Effects of Mast Cell Chymase on Cardiac Fibroblast Function

Abstract

Mast cells are bone marrow‐derived effector cells that have been described historically for their role in mediating allergic reactions. More recently, they have received considerable attention due to their involvement in innate defense, tissue remodeling and other processes. Several studies have illustrated roles for mast cells in cardiovascular diseases including ventricular remodeling associated with myocardial infarction, hypertension and volume overload. Mast cells produce a variety of secretory components including cytokines, proteases, growth factors and fatty acid metabolites.
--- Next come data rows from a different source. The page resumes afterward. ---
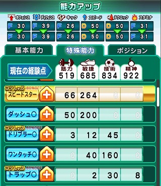 まずはコツレベルについて。コツには5段階のレベルがあって、コツレベルが上がると、特殊能力獲得に必要なポイントが大幅にダウンします。ダウンさせた分を、効率よく基本能力に割り振ることで、強い選手が育成可能になるのです。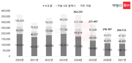 2026년 전국 아파트 입주물량은 21만387가구로 2025년 27만8088 가구 대비 약 25% 줄어든다.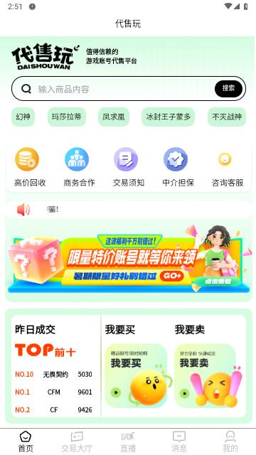 代售玩app通过不断完善用户体验、优化交易流程、避免安全隐患、提升服务质量,秉承客户至上的经营理念,满足用户需求。无论是国内游戏还是端游等,用户都可以随时随地购买或出售游戏商品,实现便捷的数字产品交易。需要的朋友们,快来下载吧。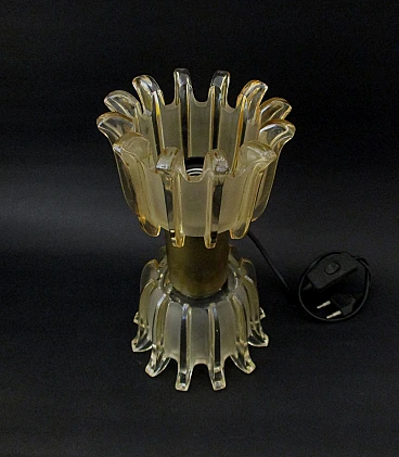 Splendid antique Murano lamp Seguso from the 1960s with two lights, made of Murano glass with a brass element, fitted with two E27 lamp holders, there is a switch to turn the light on and off, very beautiful and of notable scenographic impact, thanks also the details created with accuracy and refinement, ideal as a furnishing object, any lighter areas are due to the reflection of artificial light, used condition, in perfect working order and as shown in the photo. Dimensions: height cm. 28 - width cm. 16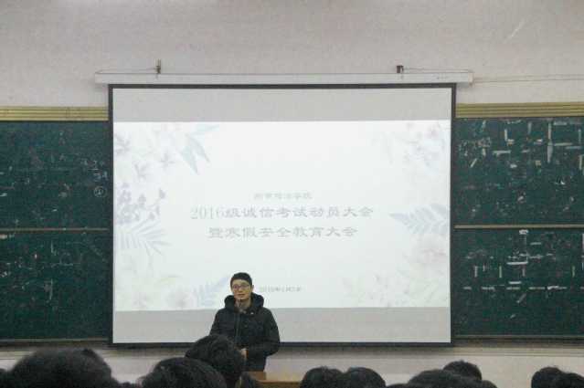 新闻网讯(通讯员 杜诗宇 姚元辰)2018-2019学年第一学期即将结束,寒假即将来临,刑事司法学院2018-2019年第一学期2016级诚信考试动员大会暨寒假安全教育大会在电教楼103召开,16级公安专业辅导员卓张鹏老师主持大会。16级全体公安专业学生听会。

The compliment of components synthesized by a given mast cell appears to be dictated by the tissue microenvironment giving these cells diverse roles in tissue homeostasis and disease. Mast cell proteases including tryptase and chymase are some of the most abundant proteins produced by mast cells. Several studies have illustrated that mast cell chymase plays a significant role in the formation of angiotensin II in the heart and thus this protease may indirectly promote a fibrotic response via angiotensin II‐induced TGF‐beta production. However, the direct effect of this protease on cardiac fibroblast function has not been evaluated. The present studies were performed to elucidate the effects of chymase on isolated cardiac fibroblasts. Fibroblasts were treated for 24 hours with varying doses of chymase (0 to 1000 ng/ml) and the effects on proliferation, collagen scaffold remodeling, myofibroblast formation and expression of extracellular matrix components assayed. Treatment of cardiac fibroblasts with chymase significantly reduced the conversion of quiescent fibroblasts to a myofibroblast phenotype. Chymase also impaired contraction of three‐dimensional collagen gels and the expression of specific extracellular matrix components by fibroblasts. These studies illustrate that treatment of isolated cardiac fibroblasts with mast cell chymase elicits an anti‐fibrotic effect, which may contribute to the transition to heart failure in vivo.